أَفَأَمِنُوا مَكْرَ اللهِ فَلاَيَأْمَنُ مَكْرَ اللهِ إِلاَّ الْقَوْمُ الْخَاسِرُونَ

“Maka apakah mereka merasa aman dari adzab Allah (yang tidak terduga-duga)? Tiadalah yang merasa aman dari adzab Allah kecuali orang-orang yang merugi.” (QS. al-A’raf: 99)

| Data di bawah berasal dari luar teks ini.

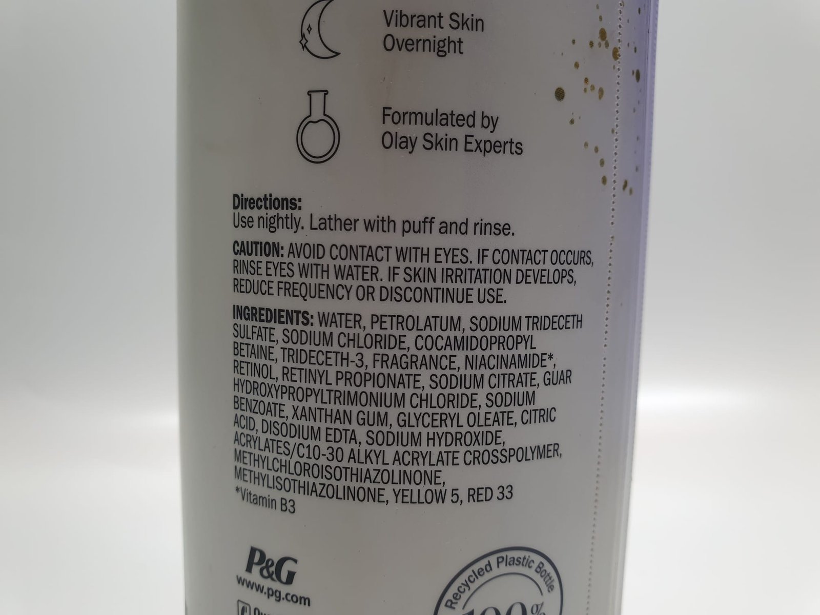 Water, Petrolatum, Sodium Trideceth Sulfate, Sodium Chloride, Cocamidopropyl Betaine, Trideceth-3, Fragrance, Niacinamide (Vitamin B3), Retinol, Retinyl Propionate, Sodium Citrate, Guar Hydroxypropyltrimonium Chloride, Sodium Benzoate, Xanthan Gum, Glyceryl Oleate, Citric Acid, Disodium EDTA, Sodium Hydroxide, Acrylates/C10-30 Alkyl Acrylate Crosspolymer, Methylchloroisothiazolinone, Methylisothiazolinone, Yellow 5, Red 33.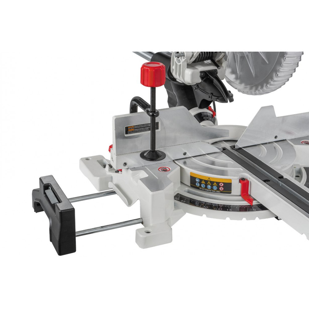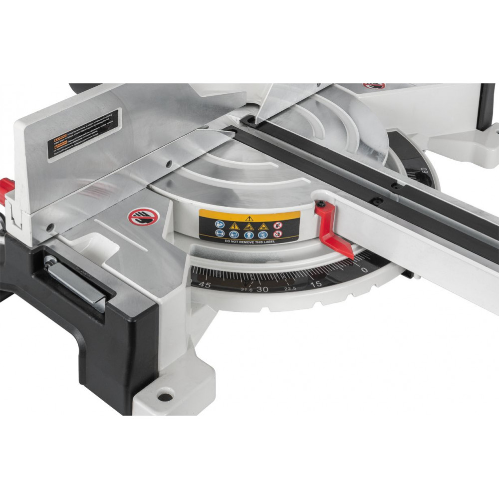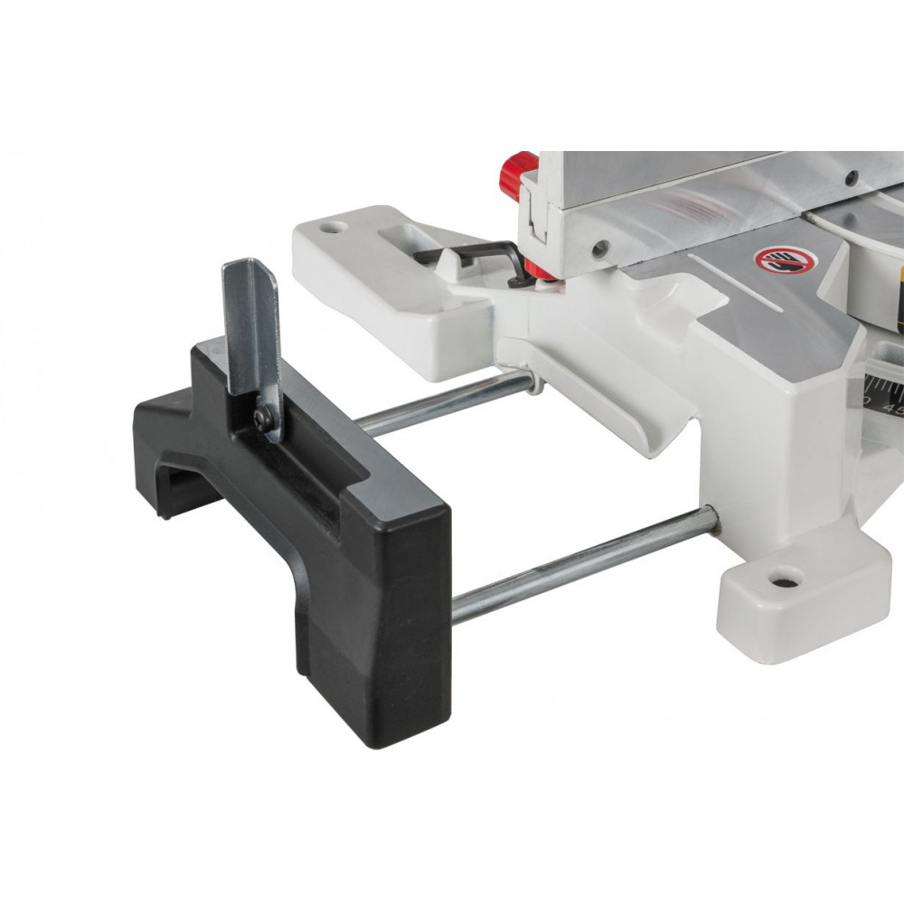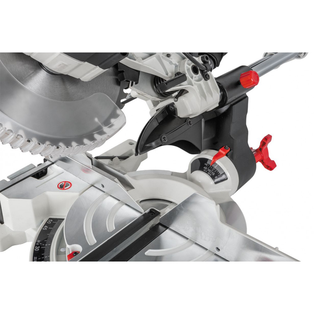 Рабочий стол из алюминиевого литья оборудован дополнительной регулируемой опорой и светодиодной подсветкой для удобства работы. Помимо этого, пила оснащена направляющими для продольной подачи, механизмом блокировки вала для легкой замены пильного диска, регулировкой наклона и поворота пильного диска, стопором типовых углов поворота с кнопкой отключения, регулируемым ограничителем глубины пропила, съемными и раздвижными расширителями рабочего стола, двумя откидными регулируемыми концевыми упорами заготовки, прижимом заготовки и удобной рукояткой для переноски.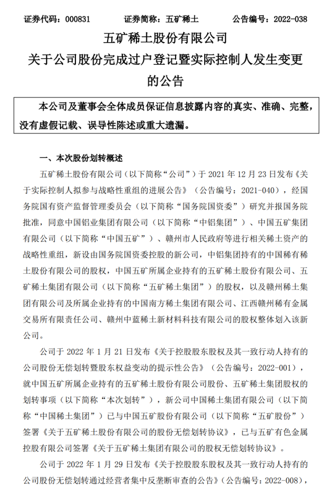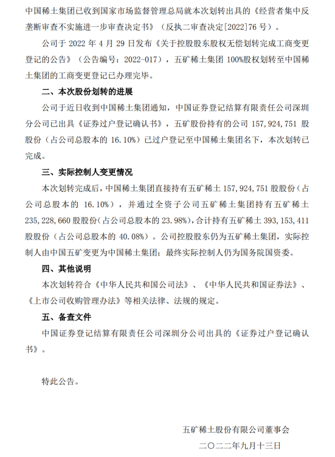 9月13日,五礦稀土股份有限公司(以下簡稱公司)發布公告稱,公司於近日收到中國稀土集團通知,中國證券登記結算有限責任公司深圳分公司已出具《證券過戶登記確認書》,五礦股份持有的公司157924751股股份(占公司總股本的16.10%)已過戶登記至中國稀土集團名下,本次劃轉已完成。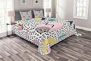 Ambesonne 90年代ベッドスプレッド レトロスタイル ラウンド半月三角形アートワーク 装飾キルト 3点セット 枕カバー2枚付き クイーンサイズ ネイビーイエロー

al-Hafidz Ibnu Katsir mengatakan, “Sesungguhnya perbuatan dosa, maksiat dan kecondongan kepada hawa nafsu, pengaruhnya akan mendominasi pelakunya ketika menjelang kematian dan syaithan akan menguatkannya, maka berkumpul padanya dua kekalahan dengan lemahnya keimanan, sehingga dia akan terjatuh pada akhir hidup yang tidak baik. Oleh karena itu, sudah sepantasnyalah bagi orang yang beriman untuk berhati-hati atas keterikatan dan ketergantungan dengan sesuatu yang terlarang. Selayaknya hati, lisan dan anggota tubuhnya selalu mengingat Allah Ta’ala, dan menjaga diri supaya selalu dalam ketaatan kepada-Nya dalam kondisi dan situasi apapun. Iman seseorang akan bertambah dengan ketaatan dan akan berkurang dengan kemaksiatan.

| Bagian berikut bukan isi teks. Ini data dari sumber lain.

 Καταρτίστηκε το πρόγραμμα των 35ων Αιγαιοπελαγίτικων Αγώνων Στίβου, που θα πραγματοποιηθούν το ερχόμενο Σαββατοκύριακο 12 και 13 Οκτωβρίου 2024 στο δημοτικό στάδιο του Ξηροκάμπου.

Maka mulai detik ini marilah kita bertaubat kepada Allah . Kembali ke jalan yang diridhai-Nya dan janganlah kita menjadi orang-orang yang menyesal dikemudian hari sebagaimana yang telah termaktub di dalam firman-Nya,

وَقَالُوا لَوْ كُنَّا نَسْمَعُ أَوْ نَعْقِلُ مَاكُنَّا فِي أَصْحَابِ السَّعِيرِ

"Dan mereka berkata: Sekiranya kami mendengarkan atau memikirkan peringatan itu niscaya tidaklah kami termasuk penghuni neraka yang menyala-nyala."(QS. Al-Mulk: 10)

Akhirnya semoga kita termasuk orang-orang yang bertaqwa dengan mengamalkan setiap perintah dan menjauhi segala larangannya, menjauhi segala bentuk maksiat atau dosa baik yang kecil atau yang besar. .

اَللَّهُمَّ صَلِّ عَلَى مُحَمَّدٍ وَعَلَى آلِ مُحَمَّدٍ كَمَا صَلَّيْتَ عَلَى إِبْرَاهِيْمَ وَعَلَى آلِ إِبْرَاهِيْمَ، إِنَّكَ حَمِيْدٌ مَجِيْدٌ. وَبَارِكْ عَلَى مُحَمَّدٍ وَعَلَى آلِ مُحَمَّدٍ كَمَا بَارَكْتَ عَلَى إِبْرَاهِيْمَ وَعَلَى آلِ إِبْرَاهِيْمَ، إِنَّكَ حَمِيْدٌ مَجِيْدٌ.
اَللَّهُمَّ اغْفِرْ لِلْمُسْلِمِيْنَ وَالْمُسْلِمَاتِ، وَالْمُؤْمِنِيْنَ وَالْمُؤْمِنَاتِ اْلأَحْيَاءِ مِنْهُمْ وَاْلأَمْوَاتِ، إِنَّكَ سَمِيْعٌ قَرِيْبٌ مُجِيْبُ الدّعَوَاتِ.
رَبّنَا لاَتُؤَاخِذْ نَا إِنْ نَسِيْنَا أَوْ أَخْطَأْنَا رَبّنَا وَلاَ تَحْمِلْ عَلَيْنَا إِصْرًا كَمَا حَمَلْتَهُ عَلََى اّلذِيْنَ مِنْ قَبْلِنَا رَبّنَا وَلاَ تًحَمّلْنَا مَالاَ طَاقَةَ لَنَا بِهِ وَاعْفُ عَنّا وَاغْفِرْ لَنَا وَارْحَمْنَا أَنْتَ مَوْلاَنَا فَانْصُرْنَا عَلَى الْقَوْمِ الْكَافِرِيْنَ.